The most recent news about these parking-free developments in Portland is that those living in the parking-free apartments are not car-free themselves:

But a city of Portland study released this week suggests that no-car households are the exception, not the rule, even in apartments that don’t provide parking. And those vehicles have to go somewhere.

But it also found that 73 percent of 116 apartment households surveyed have cars, and two-thirds park on the street. Only 36 percent use a car for a daily commute, meaning the rest store their cars on the street for much of the week.

Point being, rescinding parking requirements from zoning codes alone is not enough to change behavior.  That doesn’t mean that changing parking requirements isn’t a good idea – it is. As the quote above also notes, very few of these residents use their cars for a daily commute.  However, there is a limit to what zoning can do.  Parking requirements in the zoning code are a crude form of parking management; rescinding those rules likely warrants better parking management programs.

Portland appears stuck in between market equilibria here: people complain about more parkers on the the street, but those people are only parking there because it’s cheap and available.  Likewise, off-street spaces are available for rent, but many are unwilling to pay the price to do so:

But developers can’t count on tenants to pick up the tab, particularly when there is street parking easily available nearby.

“The market is the market,” Menashe said. “If the guy down the street has no parking and he’s able to get $800 a unit, that’s probably all we can get, too.”

Great news for the city, and for consumers who value market-rate affordability in their apartments.  This suggests that a) the old requirement for parking was indeed too high, and b) moving some of those cars to the street hasn’t put too much strain on on-street parking.
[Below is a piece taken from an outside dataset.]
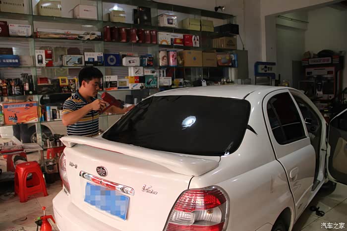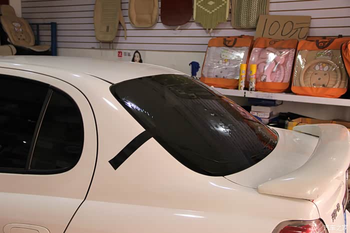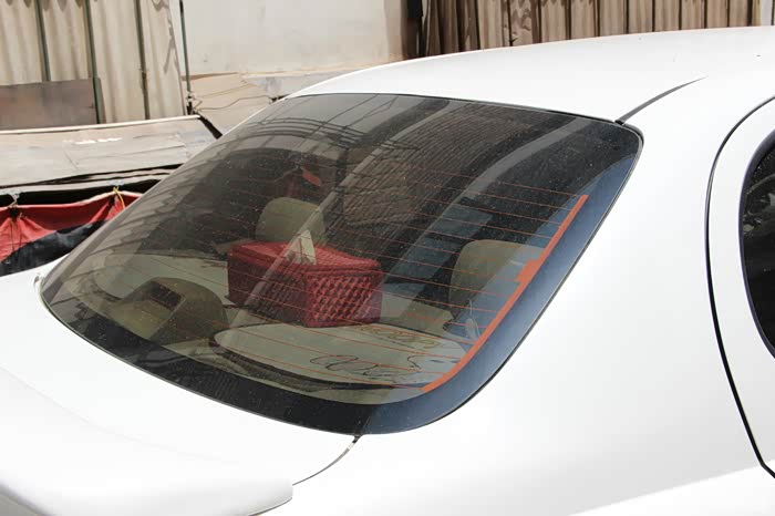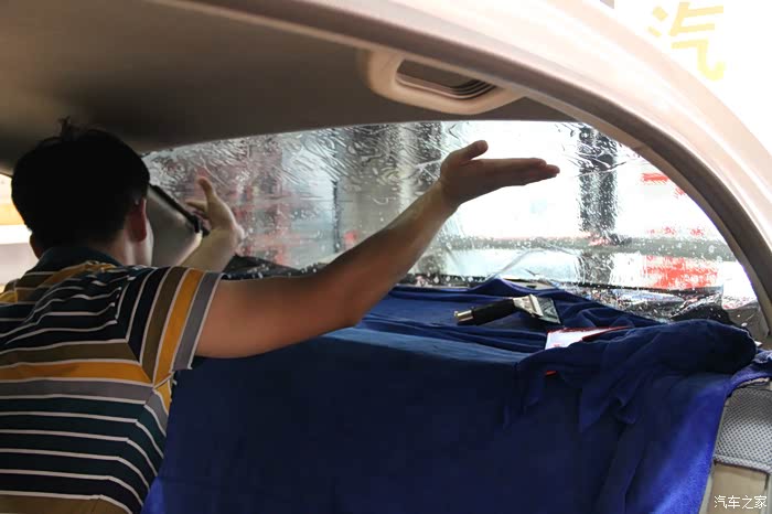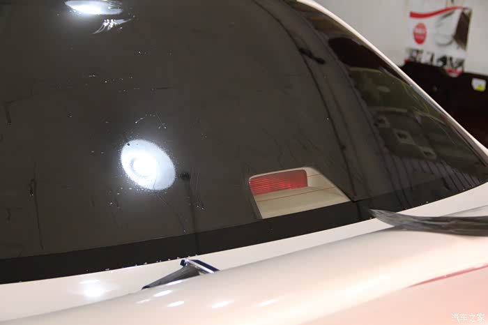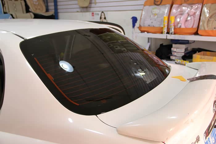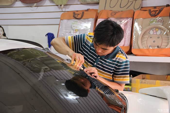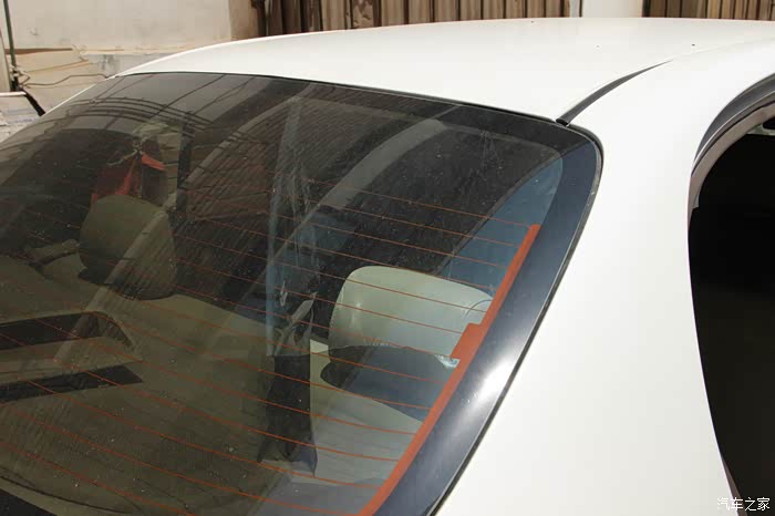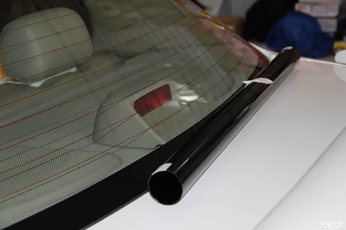 下面再来撕去后档的玻璃膜

Nonetheless, the lesson is that zoning can only do so much.  Zoning is a blunt instrument, it can regulate form well.  To the extent that use and form are tied together, it can regulate use.  But you can’t dictate behavior with a zoning code – and trying to do so will likely bring unintended consequences.

The excellent Portland Transport blog takes note of these findings and asks: what policies would get you to go car-lite or car-free?  Options within this realm – things like charging for on-street parking permits, encouraging car-sharing services, enabling additional dense development to thus provide more ‘stuff’ within a walkable distance, thereby reducing the need for car ownership, etc.  Those kinds of policies are the ones to build into the choice architecture to reduce car use and ownership, and also to reduce the tension from good policy changes like the removal of minimum parking requirements.

Restaurants. Writing at Greater Greater Washington, Herb Caudill calls for the removal of a zoning restriction on restaurants in the Cleveland Park neighborhood of DC. The rule is a part of an overlay zoning district and limits restaurants from occupying more than 25% of the linear storefront footage in the area.  The goal is to require a diversity of retail uses in the area. The effect, however, has been for a lot of longstanding vacancies as well as some rather odd tenants (such as a vacuum cleaner repair shop).

Here again, zoning can only do so much.  Once you step outside the physical purview of what zoning is good at regulating, all bets are off. Zoning can require that buildings provide retail space, for example – but exactly what type of retail is a lot harder to regulate.  Leaving aside the wisdom of even trying to regulate such a thing (rather than allowing the market some flexibility to operate), the goal of diverse retail uses is probably better met with other types of policies than changes to the zoning code.